Here is how the subwaves are looking. It appeared that we were going to finally move on out of this minuette (iv) wave on Friday. Unfortunately, Jim Kane threw his 88.6% in the way.

There is the possibility that (v) could be an ending diagonal, as shown by my alternate count. Remember, ED's are a 3-3-3-3-3 structure. It appears that we completed what could be the first 4 legs.

Notice also that wave iii is shorter than i and the converging trend lines. We would need another 3 wave leg up that is less than $2.66 to satisfy this pattern.

I will be paying close attention to this when trade opens Sunday night.

DOLLAR INDEX The dollar put in new swing lows Wednesday and then abruptly exploded higher to finish the week.

We may have put in an important bottom this past week. The downside structure looks complete. It also appears that the move off the 77.52 L is impulsing. Notice the channel break as well (I think that first fake break was warning sign).

Our first area of resistance should be the 4th of lesser high at 79.81. If we take out the 81.97 H, then I think that will more than likely lock in the bottom.

If price trades below the 77.52 L we know (C) is not complete.

GOLD The gold market turned down in the latter part of the week, perhaps due to the dollar strength.

It appears that minute [ii] has completed.
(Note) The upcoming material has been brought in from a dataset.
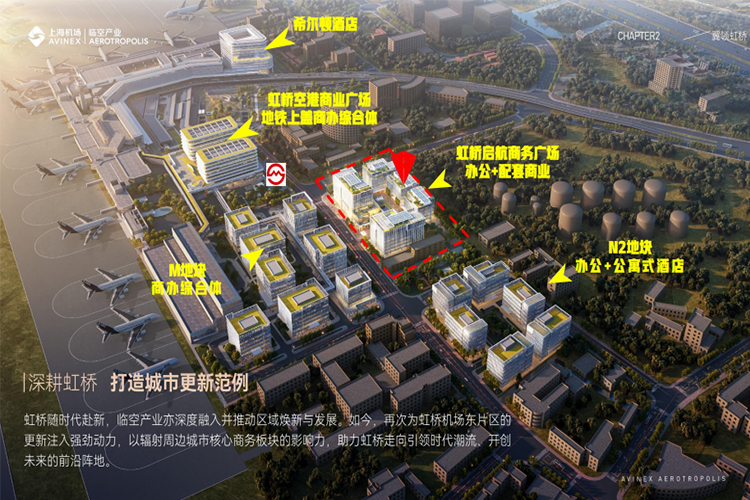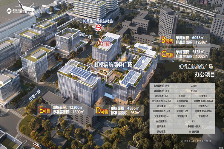 启航商务广场项目位于虹桥机场东片区航站区,地处虹桥机场迎宾一路与空港一路口,属于虹桥商务区,深耕虹桥,打造城市更新范例,聚焦航空产业、长三角总部经济、日韩 / 港澳台商旅、在线新经济等产业。
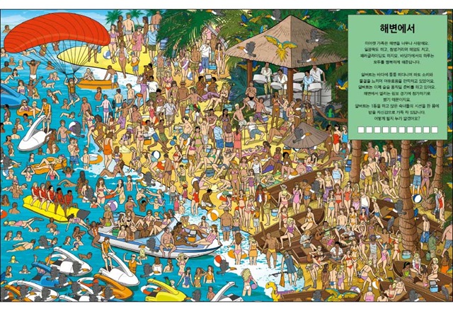 미어캣을 찾느라 집중을 했더니 눈이 너무 아프다고요? 그렇다면 고개를 조금 들어 미어캣 가족이 보내고 있는 환상적인 휴가지를 감상해 보세요. 캠프파이어 피워놓고 노래를 부르며 흥겹게 춤을 추기도 하고, 박물관에 들러 공룡화석이나 이집트 파라오의 마스크를 구경하기도 하고, 시원한 물살을 가르며 래프팅을 하기도 하죠. 그동안 여러분이 가보고 싶었던 곳, 해보고 싶었던 일을 생생한 그림을 통해 경험해 볼 수 있을 거예요. 또, 다른 나라 사람들이 어떻게 생활하는지, 우리나라와 비교하면 어떤 점이 비슷하고 어떤 점이 다른지 생각해 볼 수도 있답니다.

Notice the 78.6% projection of (a) is where price turned. This is the top of what Michael Jardine refers to as "the death zone."

If I'm correct in my overall assessment of gold, then we should start to see some acceleration to the downside. This appears to fit with the dollar structure.

Our first objective would be to take out the 930 level. Again, our line in the sand is the 996.90 H. If price were to trade through that level then the alternate count comes into play.

30 YR BOND The bond complex spent the week losing ground.

I have made some minor changes to the count. It appears that intermediate (4) has completed, though not a certainty. If completed, then we should be starting down in a minor set of waves that would finish (5).

There is also the possibility that (4) will turn a triangle.

Notice how minor 2 was stopped in its tracks at the channel line.